> **BRIEF**
Write out again, exactly as they appear, the lines from the start of the data below through the line with "Тумба подвесная Laufen"; no pictures.

> **SUPPLIED RECORDS**
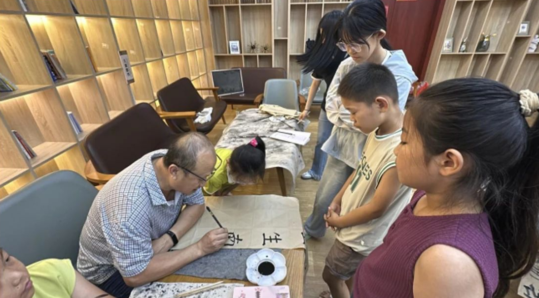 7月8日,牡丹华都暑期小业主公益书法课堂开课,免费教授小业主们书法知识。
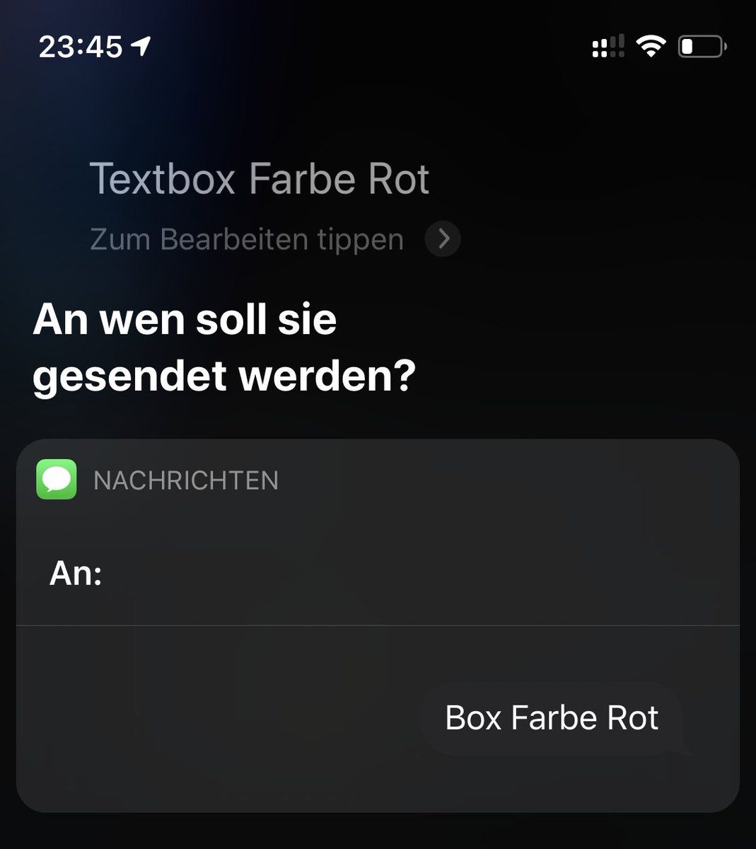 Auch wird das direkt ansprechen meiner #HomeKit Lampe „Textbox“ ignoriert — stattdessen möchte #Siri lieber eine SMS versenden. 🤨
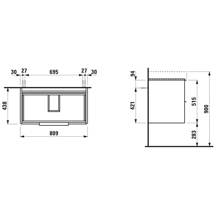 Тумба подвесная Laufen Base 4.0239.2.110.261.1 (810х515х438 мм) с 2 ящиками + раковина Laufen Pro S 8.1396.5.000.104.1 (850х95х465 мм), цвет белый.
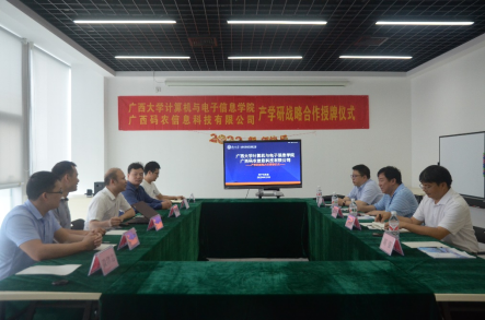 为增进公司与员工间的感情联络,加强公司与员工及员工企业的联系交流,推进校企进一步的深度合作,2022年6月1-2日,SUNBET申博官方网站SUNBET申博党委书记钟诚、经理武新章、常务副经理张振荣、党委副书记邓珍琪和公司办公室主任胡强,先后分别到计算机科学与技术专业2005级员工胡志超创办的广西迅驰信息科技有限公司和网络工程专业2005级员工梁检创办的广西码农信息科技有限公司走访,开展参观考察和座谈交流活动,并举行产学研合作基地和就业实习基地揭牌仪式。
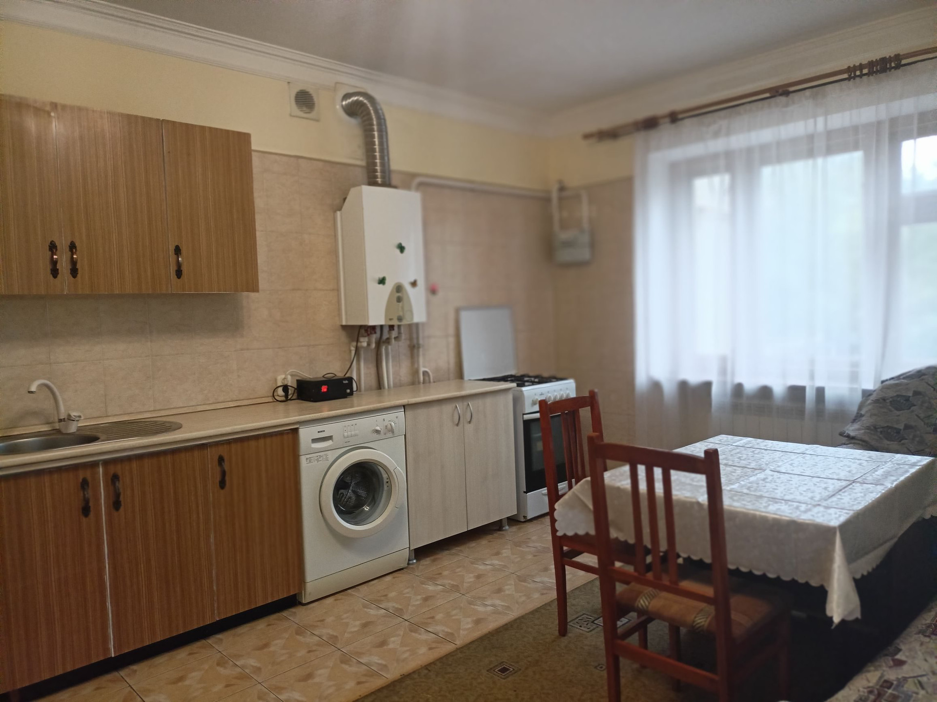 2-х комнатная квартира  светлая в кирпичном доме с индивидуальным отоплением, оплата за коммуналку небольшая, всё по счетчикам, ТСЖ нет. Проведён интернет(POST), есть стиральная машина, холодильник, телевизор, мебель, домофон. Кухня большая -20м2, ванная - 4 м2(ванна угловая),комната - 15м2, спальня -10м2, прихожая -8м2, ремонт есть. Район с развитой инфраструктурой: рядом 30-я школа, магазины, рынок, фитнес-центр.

> **TASK RESULT**
 7月8日,牡丹华都暑期小业主公益书法课堂开课,免费教授小业主们书法知识。
 Auch wird das direkt ansprechen meiner #HomeKit Lampe „Textbox“ ignoriert — stattdessen möchte #Siri lieber eine SMS versenden. 🤨
 Тумба подвесная Laufen Base 4.0239.2.110.261.1 (810х515х438 мм) с 2 ящиками + раковина Laufen Pro S 8.1396.5.000.104.1 (850х95х465 мм), цвет белый.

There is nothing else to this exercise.